Para la tradición escéptica, desde siempre asociada a la reflexión sobre la naturaleza animal, el conocimiento humano no puede describir con certeza la naturaleza. Conocemos solo las apariencias y no las cosas en sí mismas. Por tanto, no existe razón para considerar al ser humano como el centro de la naturaleza.
En “Apología de Raymond Sebond”, Michel de Montaigne reúne las observaciones más interesantes que se han escrito sobre los animales desde la Antigüedad. Hoy, primatólogos y biólogos como Frans de Waal y Marc Bekoff investigan el carácter moral o la noción de lugar sagrado de los animales, entre otras observaciones recogidas ya por Montaigne en 1575.
Otros mundos en la Tierra
En cuanto a la efectividad de la comunicación humana, a pesar de tener un sistema de comunicación altamente abstracto, parece que los bosques se comunican mejor intercambiando, a través de impulsos eléctricos, información química con otros árboles mediante sus raíces. Son más solidarios y no contaminan.

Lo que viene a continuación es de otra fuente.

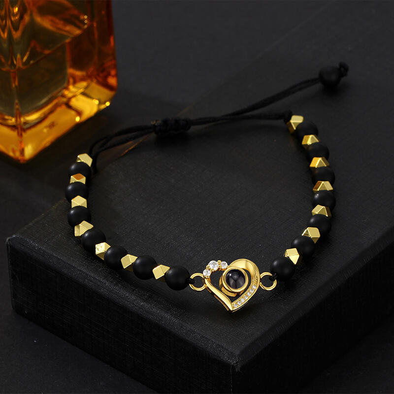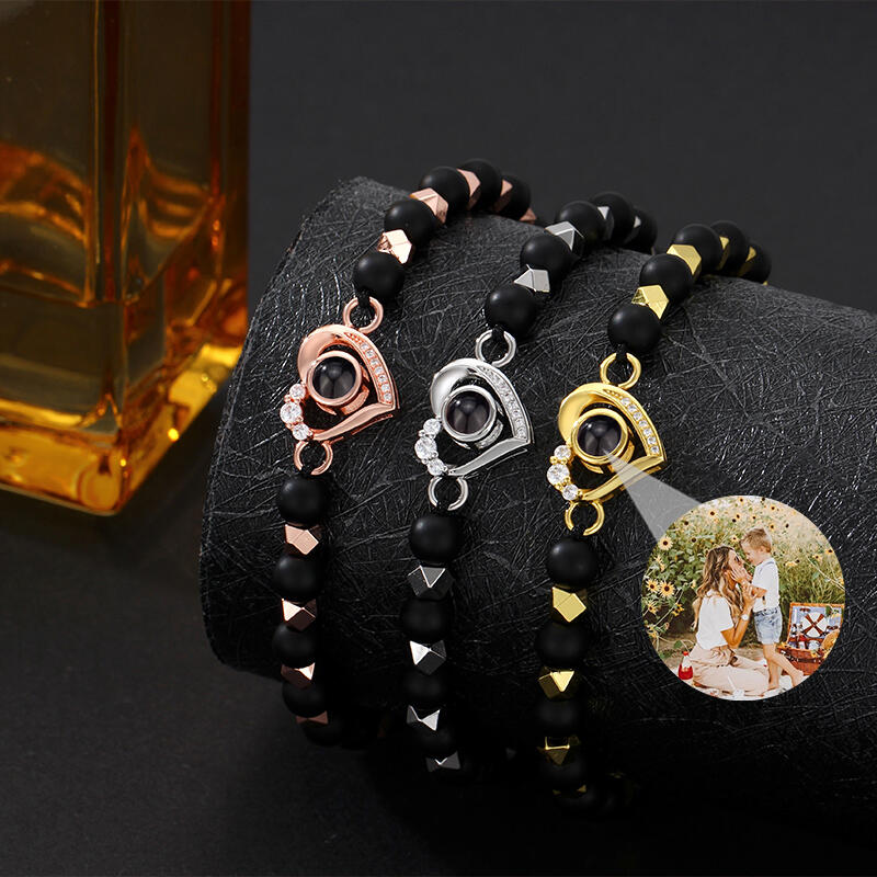 Personalized Picture Projection Bracelet With Beads And Heart Shape Charm Mother's Day Gift For Mom

Piense en las sociedades de insectos, en las hormigas que operan bajo un sistema similar al de castas y en las bandadas de cientos de estorninos en perfecta sincronía. Recuerde el asombroso GPS de las más de 200 especies que atraviesan el Parque Nacional Serengeti, en Tanzania, cuando llega la temporada seca. Frente a la media de 85 años de vida humana, existen reptiles que alcanzan 200 años; langostas de 150, árboles como la pícea, de 9.000; y la hidra —pariente de la medusa— y el molusco Ming son biológicamente eternos. Ciertamente, existen más de cinco sentidos en la naturaleza.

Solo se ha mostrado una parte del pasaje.